**What is expected:**
Using the listing below, output only the lines from the one that contains "シンプルでシックな色合いとゴ" through the one that contains "- Corps de la", inclusive, exactly as given and without images.

**Exercise data:**
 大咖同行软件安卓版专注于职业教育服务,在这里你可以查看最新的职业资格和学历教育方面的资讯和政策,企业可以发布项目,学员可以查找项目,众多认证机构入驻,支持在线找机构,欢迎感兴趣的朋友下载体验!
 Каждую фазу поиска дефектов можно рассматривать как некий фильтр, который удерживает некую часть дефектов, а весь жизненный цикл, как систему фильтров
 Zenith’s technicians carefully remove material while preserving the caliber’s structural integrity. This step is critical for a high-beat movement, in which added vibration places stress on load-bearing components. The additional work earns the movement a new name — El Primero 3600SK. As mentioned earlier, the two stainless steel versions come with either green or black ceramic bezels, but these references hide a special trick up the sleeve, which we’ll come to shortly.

* * *

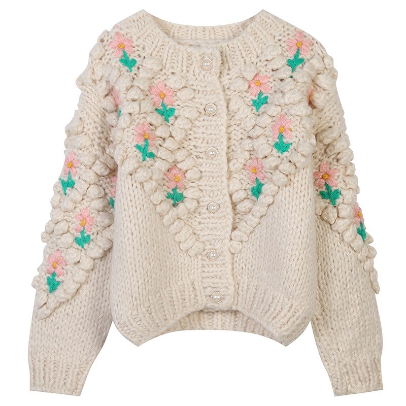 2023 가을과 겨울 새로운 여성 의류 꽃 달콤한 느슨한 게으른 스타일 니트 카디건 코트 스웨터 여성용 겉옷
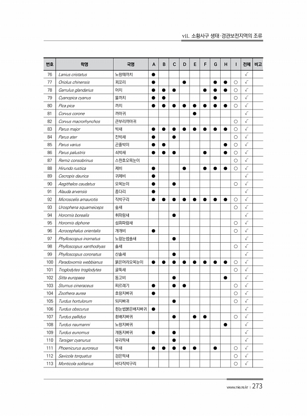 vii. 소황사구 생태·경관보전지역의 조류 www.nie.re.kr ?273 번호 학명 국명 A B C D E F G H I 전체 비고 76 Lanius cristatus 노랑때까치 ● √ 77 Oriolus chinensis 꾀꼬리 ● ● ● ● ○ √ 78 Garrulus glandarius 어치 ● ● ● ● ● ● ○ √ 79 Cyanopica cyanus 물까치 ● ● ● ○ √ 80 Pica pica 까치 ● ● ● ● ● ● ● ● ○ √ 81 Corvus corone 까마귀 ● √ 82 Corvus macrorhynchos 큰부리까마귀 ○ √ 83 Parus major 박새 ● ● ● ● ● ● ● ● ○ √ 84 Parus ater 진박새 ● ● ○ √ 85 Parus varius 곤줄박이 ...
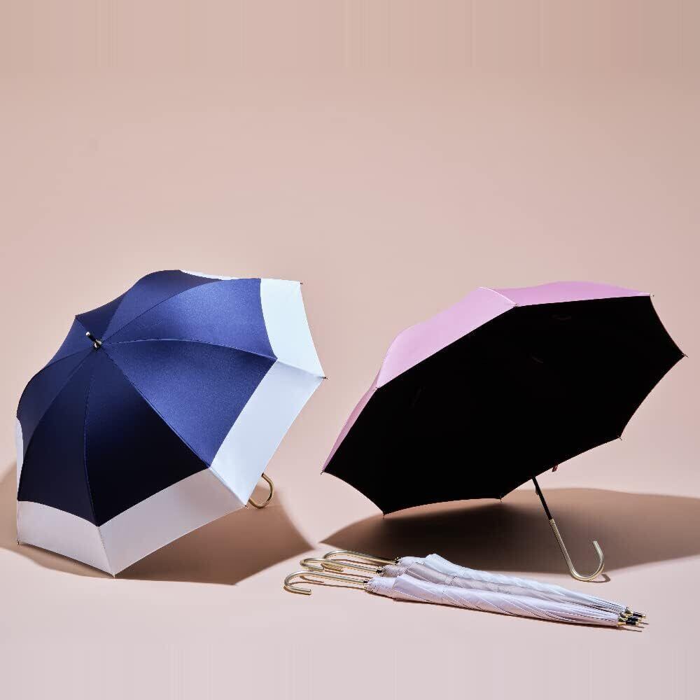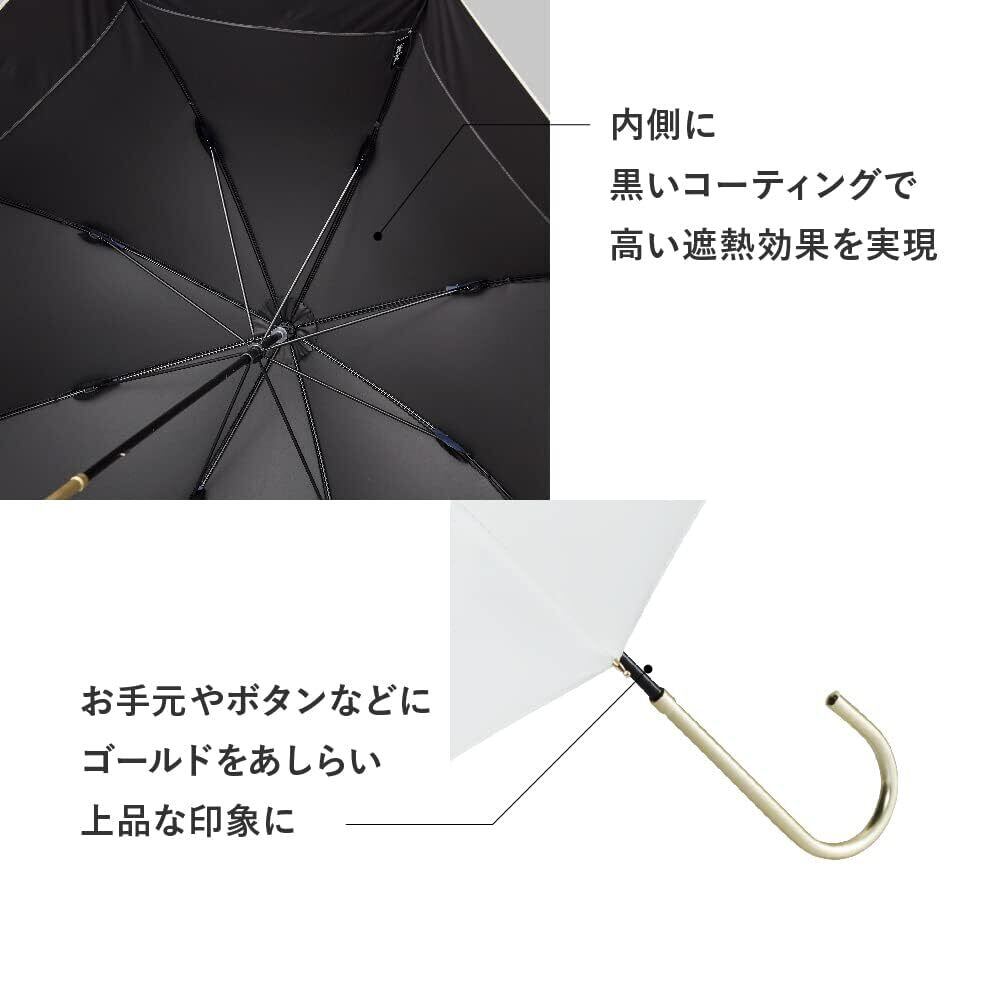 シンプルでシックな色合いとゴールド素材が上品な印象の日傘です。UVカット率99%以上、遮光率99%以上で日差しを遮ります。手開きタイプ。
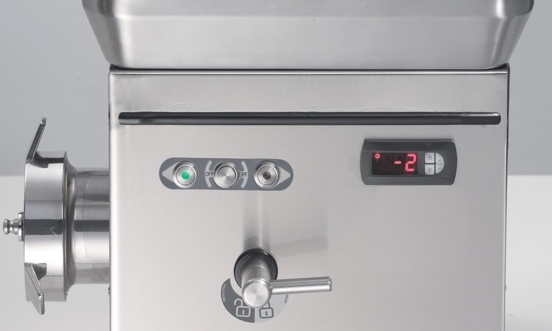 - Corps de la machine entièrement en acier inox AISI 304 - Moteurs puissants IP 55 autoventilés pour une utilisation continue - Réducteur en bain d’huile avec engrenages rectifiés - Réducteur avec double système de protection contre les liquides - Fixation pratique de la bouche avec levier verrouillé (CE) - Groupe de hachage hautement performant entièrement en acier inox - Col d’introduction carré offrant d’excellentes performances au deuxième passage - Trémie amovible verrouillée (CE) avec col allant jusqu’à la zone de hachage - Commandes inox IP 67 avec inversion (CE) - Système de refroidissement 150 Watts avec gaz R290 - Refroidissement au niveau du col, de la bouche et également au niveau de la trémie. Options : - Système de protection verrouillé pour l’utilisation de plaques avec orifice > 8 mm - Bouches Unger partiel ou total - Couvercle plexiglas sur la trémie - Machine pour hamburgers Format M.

**Completed task:**
 シンプルでシックな色合いとゴールド素材が上品な印象の日傘です。UVカット率99%以上、遮光率99%以上で日差しを遮ります。手開きタイプ。
 - Corps de la machine entièrement en acier inox AISI 304 - Moteurs puissants IP 55 autoventilés pour une utilisation continue - Réducteur en bain d’huile avec engrenages rectifiés - Réducteur avec double système de protection contre les liquides - Fixation pratique de la bouche avec levier verrouillé (CE) - Groupe de hachage hautement performant entièrement en acier inox - Col d’introduction carré offrant d’excellentes performances au deuxième passage - Trémie amovible verrouillée (CE) avec col allant jusqu’à la zone de hachage - Commandes inox IP 67 avec inversion (CE) - Système de refroidissement 150 Watts avec gaz R290 - Refroidissement au niveau du col, de la bouche et également au niveau de la trémie. Options : - Système de protection verrouillé pour l’utilisation de plaques avec orifice > 8 mm - Bouches Unger partiel ou total - Couvercle plexiglas sur la trémie - Machine pour hamburgers Format M.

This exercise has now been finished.